====== Dataset extract
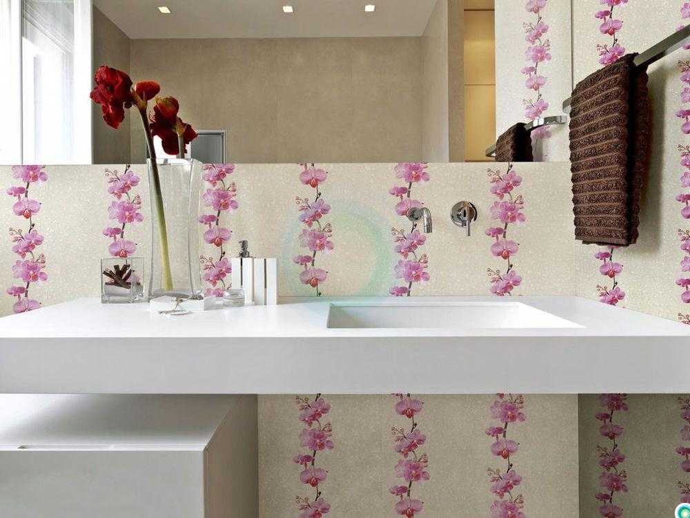 - Широкий ассортимент фактуры, цвета, рисунка позволяет под любой стиль произвести ремонт в ванной комнаты панелями ПВХ, фото наглядно это демонстрируют. А нанесение широкоформатной печати на планки расширяет поле деятельности для дизайнера.
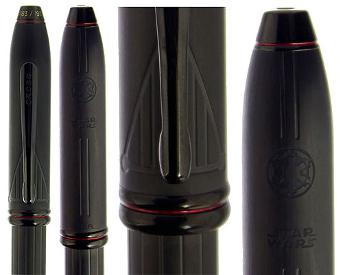 เปิดเผยด้านมืดของคุณออกมา ด้วย Cross Townsend Star Wars Darth Vader Limited Edition ตัวปากการุ่นนี้เป็นสีดำ แต่งผิวแบบลายผ้า Satin หัวปากกาเป็นทองคำแท้ 18 กระรัต ลวดลายบนตัวปากกาได้รับการออกแบบให้บ่งถึงเครื่องแต่งกาย และหมวกของตัวละคร Dart Vader ในภาพยนตร์เรื่อง Star Wars
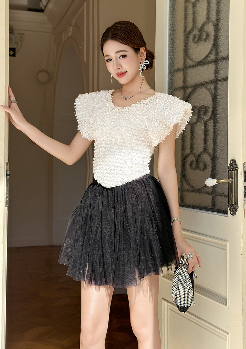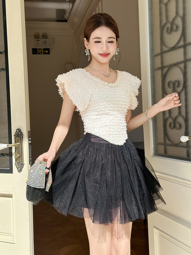C-4508# 2025早秋新款女装法式圆领泡泡袖收腰上衣设计感短款T恤女82024
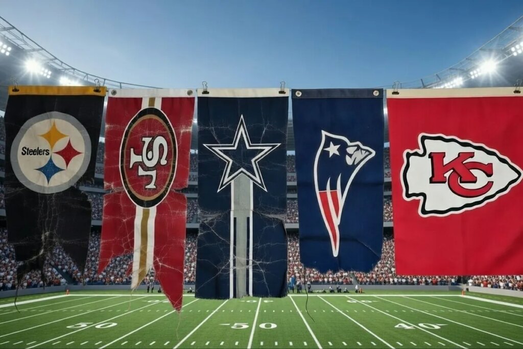 The “Steel Curtain” Steelers won four Super Bowls in six years (1974-1979), dominating with Chuck Noll, Terry Bradshaw, Franco Harris, and legends like Mean Joe Greene, Jack Lambert, and Mel Blount. The end came gradually after Super Bowl XIV (1980 win): 9-7 in 1980, missing playoffs. No dramatic collapse – just erosion.
============
Please copy out each line above exactly as written, but not the pictures.

*Response area:*
 - Широкий ассортимент фактуры, цвета, рисунка позволяет под любой стиль произвести ремонт в ванной комнаты панелями ПВХ, фото наглядно это демонстрируют. А нанесение широкоформатной печати на планки расширяет поле деятельности для дизайнера.
 เปิดเผยด้านมืดของคุณออกมา ด้วย Cross Townsend Star Wars Darth Vader Limited Edition ตัวปากการุ่นนี้เป็นสีดำ แต่งผิวแบบลายผ้า Satin หัวปากกาเป็นทองคำแท้ 18 กระรัต ลวดลายบนตัวปากกาได้รับการออกแบบให้บ่งถึงเครื่องแต่งกาย และหมวกของตัวละคร Dart Vader ในภาพยนตร์เรื่อง Star Wars
C-4508# 2025早秋新款女装法式圆领泡泡袖收腰上衣设计感短款T恤女82024
 The “Steel Curtain” Steelers won four Super Bowls in six years (1974-1979), dominating with Chuck Noll, Terry Bradshaw, Franco Harris, and legends like Mean Joe Greene, Jack Lambert, and Mel Blount. The end came gradually after Super Bowl XIV (1980 win): 9-7 in 1980, missing playoffs. No dramatic collapse – just erosion.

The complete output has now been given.